We present experiments for our method P^3EFT and for our implementation of the [Distance Correlation method (Sun et al., 2022)](https://arxiv.org/abs/2203.01451). In both cases, there are some number of important arguments.

* Common arguments for `transformers.Trainer` (such that `batch_size`, `max_seq_length`, `lr`, `lr_scheduler_type`, `n_epoch` etc.) and special arguments for [LoRA (Hu et al., 2022)](https://arxiv.org/abs/2106.09685) (`lora_rank`, `lora_alpha`, `lora_dropout`). For DeBERTa we took these arguments from the [original paper](https://arxiv.org/abs/2106.09685) with the only difference that we disabled LoRA dropout value. For Flan-T5 we adapt the exact same hyperparamters as for DeBERTa. For evaluation LLaMA we used hyperparameters from [LoRA paper](https://arxiv.org/abs/2106.09685) for GPT-3 with several changes inspired by [QLoRA Dettmers et al. (2023)](https://arxiv.org/abs/2305.14314). Namely, we use the NF4 weight format, apply LoRA to both attention and MLP layers with rank 16. We fine-tune both tasks with maximum context length of 512 and weight decay 0.01.

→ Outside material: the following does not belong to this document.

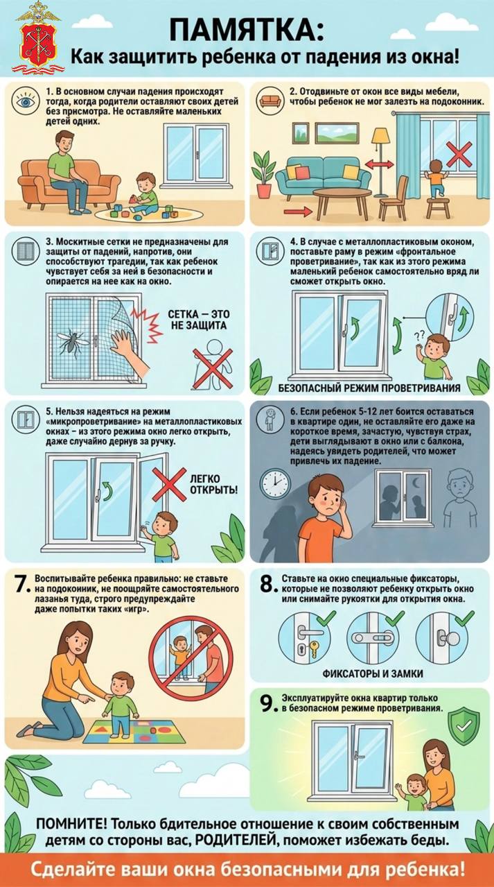 С наступлением весенне-летнего периода, отмечается рост несчастных случаев, которые связаны с выпадением детей из окон. Причинами, как правило

* We have 7 hyperparameters for privacy protection methods: `n_of_loras`, `mult_std`, `activation_lr_rw`, `shift_lr_rw`, `activation_dc_rw`, `shift_dc_rw` and `coefs_method_name`. 

    * `n_of_loras` is responsible for the number of different copies of adapters that are individually inserted into the model. 

    * After receiving the activations for each individual copy of adapters we mix them with specific coefficients. The magnitude of the norm of these coefficients can be changed via `mult_std`. More specifically, the random vectors used hereafter to obtain the coefficients are initially generated from a normal distribution with variance `1` and then multiplied by `10 ^ (mult_std / 2)`. In almost all experiments we set this value to `0`.
    
    * `activation_lr_rw` and `activation_dc_rw` adjust the weights of the corresponding regularization loss functions. The first corresponds to our method and the second is a parameter for the [Distance Correlation method (Sun et al., 2022)](https://arxiv.org/abs/2203.01451).

    * `shift_lr_rw` and `shift_dc_rw` have a similar meaning to the previous parameters. A value greater than zero enables additional regularization of "shifts" - the difference between activations with and without LoRA. We used `shift_dc_rw` equal to zero to be consistent with the [Distance Correlation method](https://arxiv.org/abs/2203.01451) and `shift_lr_rw` equal to `activation_lr_rw` everywhere. 

    * `coefs_method_name` is an auxiliary parameter which can take 2 values: 'antisymmetric_n01' and 'averaged'. The first value is the main one for experiments with our method, and the second one is needed to run the baselines with regularization (together with the value `n_of_loras = 1`).

The scripts have default values for regular fune-tuning with one LoRA copy and without any regularization. To run baseline without LoRAs set `n_of_loras` to 0.

* In order to reduce the amount of GPU RAM you can use 3 additional flags:

    * Above all, we advise to turn on `fp16` for DeBERTa or `bf16` for Flan-T5 and LLaMA-2 7B.

    * `loras_gradient_checkpointing` creates checkpoints between adapter set switches. Thus the amount of memory consumed will be the same as in the case of a single adapter set.

    * `model_gradient_checkpointing` turns on regular `transformers.Trainer` chechpoints. Cannot be used without `loras_gradient_checkpointing`, since the regular checkpointing system does not switch adapter sets, which is essential to run our method.

    * We don't advise to use `gradient_accumulation`, since then the loss is computed separately on each minibatch, while both privacy protection methods assume the computation of the regularization loss over the entire batch.

    * Our code can be run on multiple GPUs using `torch.nn.parallel.DistributedDataParallel`. To do this, specify the `num_gpus` value.

## Additional experiments

Notebooks `vis_1_get_acts_grads.ipynb` and `vis_2_draw_charts.ipynb` can be used to reproduce Figure 3.